Try it - When you reach the line below that has "其中比較有代表性的,要數Mi", start returning lines exactly, and stop after the line that has "We’re also thrilled"; skip the pictures.

Extracted data -
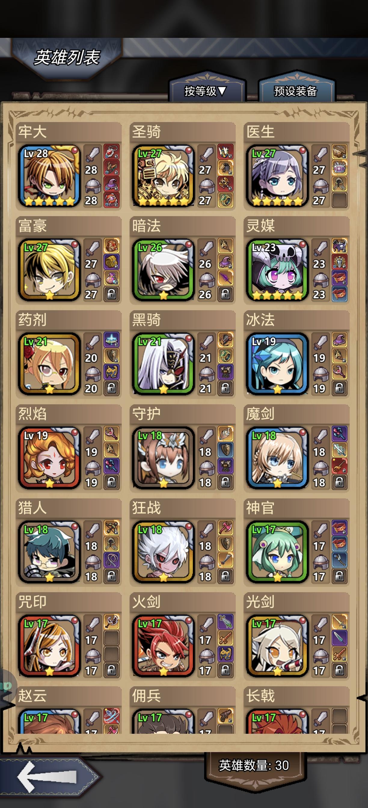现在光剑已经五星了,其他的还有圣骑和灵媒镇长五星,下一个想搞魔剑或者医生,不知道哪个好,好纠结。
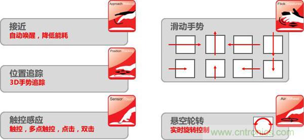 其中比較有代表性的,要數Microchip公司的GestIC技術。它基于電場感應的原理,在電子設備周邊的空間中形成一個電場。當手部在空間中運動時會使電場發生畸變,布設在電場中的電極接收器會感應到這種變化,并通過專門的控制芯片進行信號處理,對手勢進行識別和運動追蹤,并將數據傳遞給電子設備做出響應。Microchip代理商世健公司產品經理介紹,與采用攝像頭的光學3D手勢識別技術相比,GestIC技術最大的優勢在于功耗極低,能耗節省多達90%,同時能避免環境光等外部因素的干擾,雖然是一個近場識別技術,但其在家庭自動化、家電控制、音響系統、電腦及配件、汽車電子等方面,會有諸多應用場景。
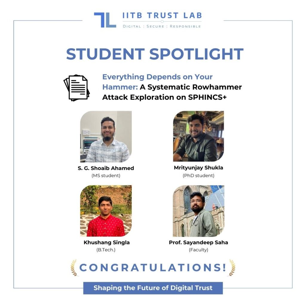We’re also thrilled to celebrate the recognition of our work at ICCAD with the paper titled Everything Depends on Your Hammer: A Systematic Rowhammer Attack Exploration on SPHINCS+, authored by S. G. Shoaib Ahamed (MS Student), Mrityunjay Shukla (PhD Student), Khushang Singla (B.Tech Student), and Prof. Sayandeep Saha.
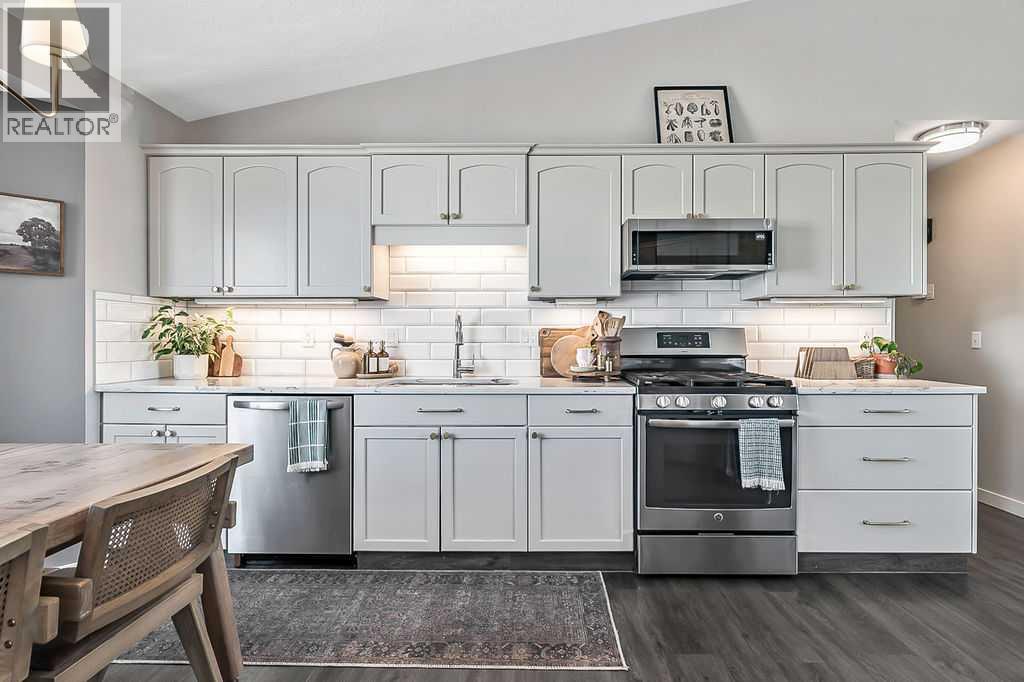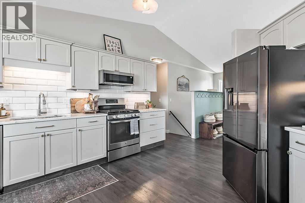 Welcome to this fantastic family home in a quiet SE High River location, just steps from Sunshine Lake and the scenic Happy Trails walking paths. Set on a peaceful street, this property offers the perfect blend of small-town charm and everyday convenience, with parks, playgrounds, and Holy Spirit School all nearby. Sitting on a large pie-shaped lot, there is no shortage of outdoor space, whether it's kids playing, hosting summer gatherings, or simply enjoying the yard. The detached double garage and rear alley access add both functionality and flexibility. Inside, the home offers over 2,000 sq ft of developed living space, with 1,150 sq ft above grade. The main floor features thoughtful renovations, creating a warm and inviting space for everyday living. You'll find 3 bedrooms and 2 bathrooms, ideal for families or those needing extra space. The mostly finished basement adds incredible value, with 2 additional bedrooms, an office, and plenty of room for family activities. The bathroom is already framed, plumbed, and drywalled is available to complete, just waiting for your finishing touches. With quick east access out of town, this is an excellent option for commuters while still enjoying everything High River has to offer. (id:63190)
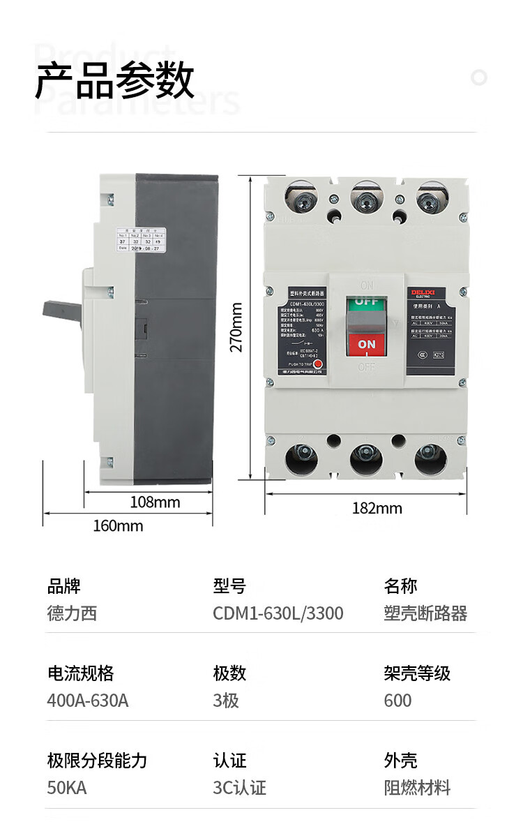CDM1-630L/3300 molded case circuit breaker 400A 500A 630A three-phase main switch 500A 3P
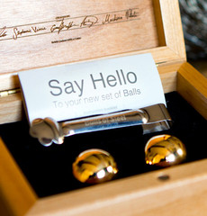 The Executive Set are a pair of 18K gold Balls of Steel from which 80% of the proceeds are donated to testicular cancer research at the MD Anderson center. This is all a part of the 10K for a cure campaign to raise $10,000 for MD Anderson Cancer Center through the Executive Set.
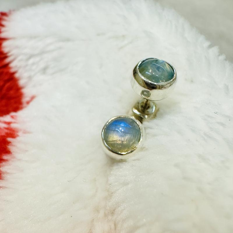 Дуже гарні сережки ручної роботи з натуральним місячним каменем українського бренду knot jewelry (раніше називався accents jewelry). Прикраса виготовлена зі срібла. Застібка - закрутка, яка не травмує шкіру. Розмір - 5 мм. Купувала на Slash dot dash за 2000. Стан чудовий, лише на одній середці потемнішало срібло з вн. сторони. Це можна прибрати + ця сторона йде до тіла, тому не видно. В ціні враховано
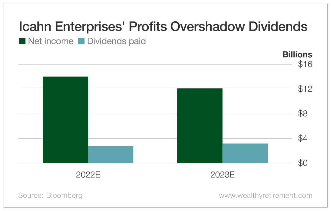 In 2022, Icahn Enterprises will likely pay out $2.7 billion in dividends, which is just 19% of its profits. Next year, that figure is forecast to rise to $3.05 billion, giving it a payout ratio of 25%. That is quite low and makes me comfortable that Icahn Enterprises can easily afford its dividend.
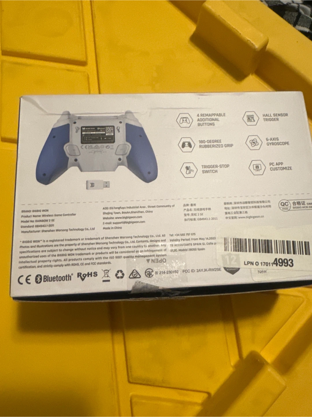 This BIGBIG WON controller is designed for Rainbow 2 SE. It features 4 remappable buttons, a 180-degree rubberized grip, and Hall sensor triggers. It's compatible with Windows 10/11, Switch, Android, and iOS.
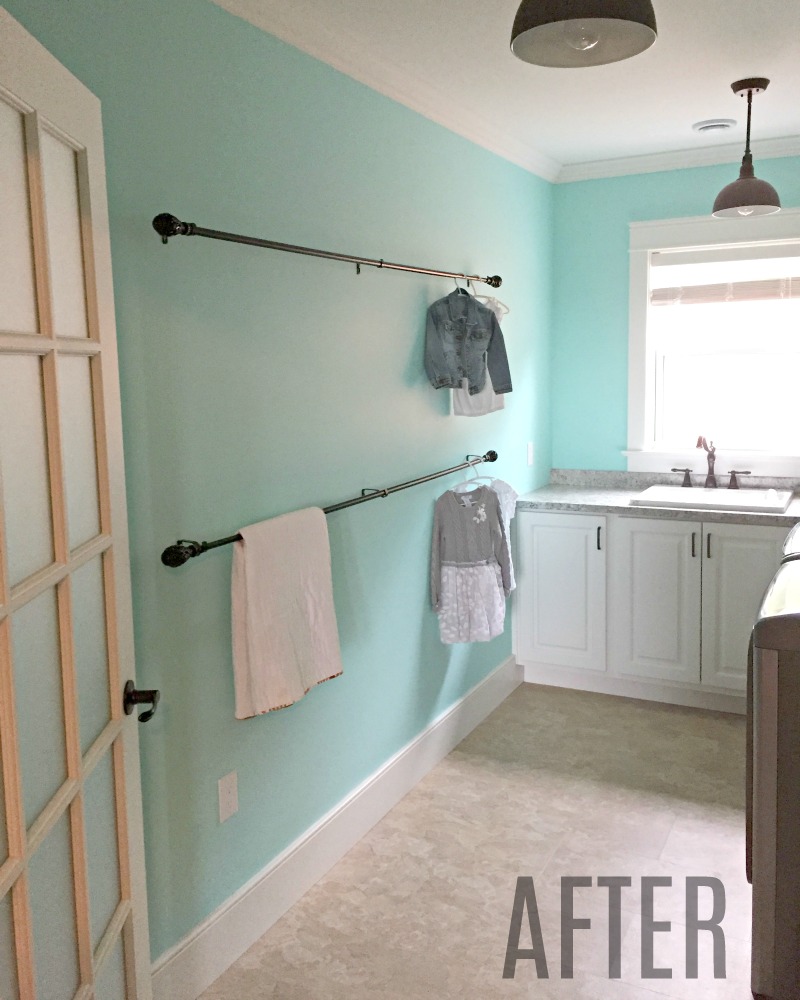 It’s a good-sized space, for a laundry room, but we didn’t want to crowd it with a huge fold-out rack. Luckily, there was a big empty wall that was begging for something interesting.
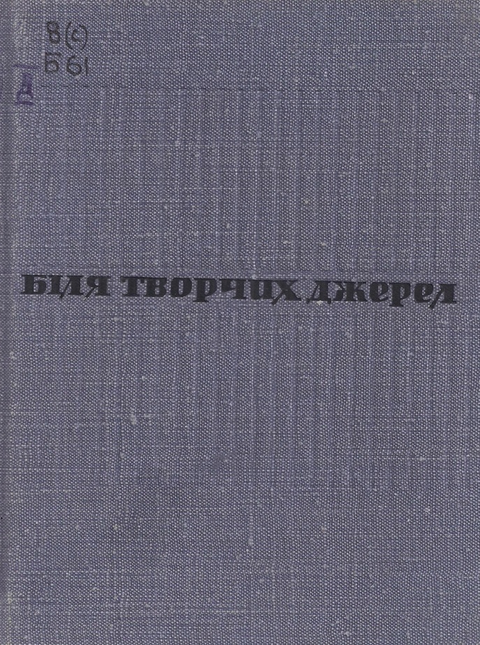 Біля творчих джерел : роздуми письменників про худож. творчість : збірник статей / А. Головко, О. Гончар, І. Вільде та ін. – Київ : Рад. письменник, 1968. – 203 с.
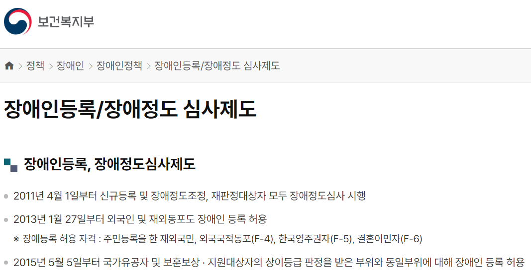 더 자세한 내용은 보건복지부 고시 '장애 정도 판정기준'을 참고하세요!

Reply -
 其中比較有代表性的,要數Microchip公司的GestIC技術。它基于電場感應的原理,在電子設備周邊的空間中形成一個電場。當手部在空間中運動時會使電場發生畸變,布設在電場中的電極接收器會感應到這種變化,并通過專門的控制芯片進行信號處理,對手勢進行識別和運動追蹤,并將數據傳遞給電子設備做出響應。Microchip代理商世健公司產品經理介紹,與采用攝像頭的光學3D手勢識別技術相比,GestIC技術最大的優勢在于功耗極低,能耗節省多達90%,同時能避免環境光等外部因素的干擾,雖然是一個近場識別技術,但其在家庭自動化、家電控制、音響系統、電腦及配件、汽車電子等方面,會有諸多應用場景。
We’re also thrilled to celebrate the recognition of our work at ICCAD with the paper titled Everything Depends on Your Hammer: A Systematic Rowhammer Attack Exploration on SPHINCS+, authored by S. G. Shoaib Ahamed (MS Student), Mrityunjay Shukla (PhD Student), Khushang Singla (B.Tech Student), and Prof. Sayandeep Saha.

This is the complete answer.